Junior defensive back Sean Chandler, who played cornerback for the Owls last year, is switching over to safety.
Chandler lined up at safety in Saturday’s 7-on-7 drills, usually covering one of the tight ends or inside receivers.
Coach Matt Rhule said plugging Chandler in at the safety position will allow him to make more plays on the defensive side of the ball.
“[Chandler] has a natural sort-of ability to make plays,” Rhule said. “We thought, ‘Hey if you put him at safety maybe he’ll sack the quarterback, make some tackles, knock the ball out, maybe be more of a playmaker.’”
Chandler recorded 65 tackles, one sack and four interceptions last year for the Owls.
Rhule said if needed Chandler can move back to cornerback this season to play man-to-man on the outside. The Owls lost three starters from their defensive backfield last year.
“It’s so hard to tell today, they’re just going through the assignments and all that,” Rhule said. “Tavon [Young] had some injuries down the stretch, so Artrel [Foster] and Nate [L. Smith] went and played and they played really well. We have some young safeties so we’re going have to find out how they fit and what they’ll do.”
Patton out, O’Donnell in
Kip Patton caught 12 passes for 168 yard for the Owls from the tight end position last season. Patton announced that he transferred to Tennessee Tech University last week.
Miami Hurricane transfer Jake O’Donnell, will help boost the position this upcoming season.
“I think he just fits right in with everybody else,” senior quarterback Phillip Walker said. “I think he’s doing a great job, he knows what he has to do. I think you can tell he’s been studying the playbook.”
O’Donnell, a local product from Central Bucks High School East, brings a 6-foot-6, 255-pound frame for Walker to target through the air. He caught one pass for 10 yards in limited action during his time with the Hurricanes. Rhule said O’Donnell is a big, strong, athletic kid who fits into the fabric of the team.
O’Donnell said he’s looking forward to playing with Walker this year, and that it feels good to be back in the Philadelphia area.
Rhule said the team will be splitting apart the practices by dividing the team in half in the first three days of camp.
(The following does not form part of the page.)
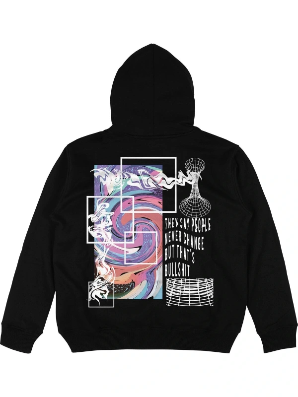 Never Change Siyah Oversize Unisex Kapüşonlu Sweatshirt Hoodie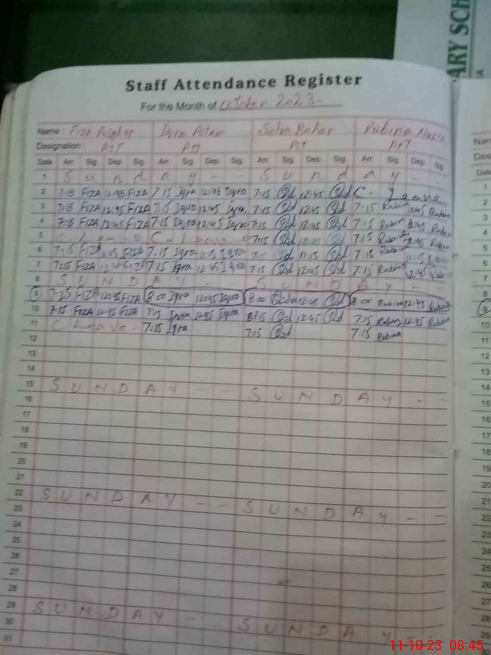 | CNIC | Full Name | Designation | R/C | Absence During Last Calender Month |

“Most of the older guys, more experienced guys going in the morning,” Rhule said. “And then we’re really trying to have a focus on developing the young players where the coaches are working with them one-on-one.”
Rhule said they did it last year to an extent, but they’re doing it more this season to speed up the process of developing players.
“The biggest thing for a young player to play is being able to process the playbook and the information,” Rhule said. “So while they look good in drills, how quickly can they learn it? That’s why we’re doing this—trying to help them learn better and get a little more individualized attention.”
Deep receiving group
Robby Anderson, the Owls’ top wide receiver from a year ago, graduated and signed with the New York Jets in May.
Anderson led the Owls with 70 catches for 939 yards and seven touchdowns, but Rhule said the team has a lot of depth at the wide receiver position this upcoming season.
“We’re excited about all of those guys,” Rhule said. “[Keith] Kirkwood coming off of his redshirt year—big physical, fast kid, one of the fastest kids on the team. Ventell [Bryant]… in the middle of the year he was one of the better players in the league. Adonis [Jennings], Marshall Ellick, Brodrick Yancy, so there’s a lot of guys there we feel good about.”
Last season, Bryant caught 39 passes for 579 yards, while Jennings hauled in 14 receptions for 146 yards.
Along with the veterans, freshman wideout Isaiah Wright has also caught the coach’s eye early on.
“Isaiah is a guy that we think will definitely play this year,” Rhule said. “Can’t say that he will, but we feel that. He’s big strong, physical, he’s extremely conscientious.”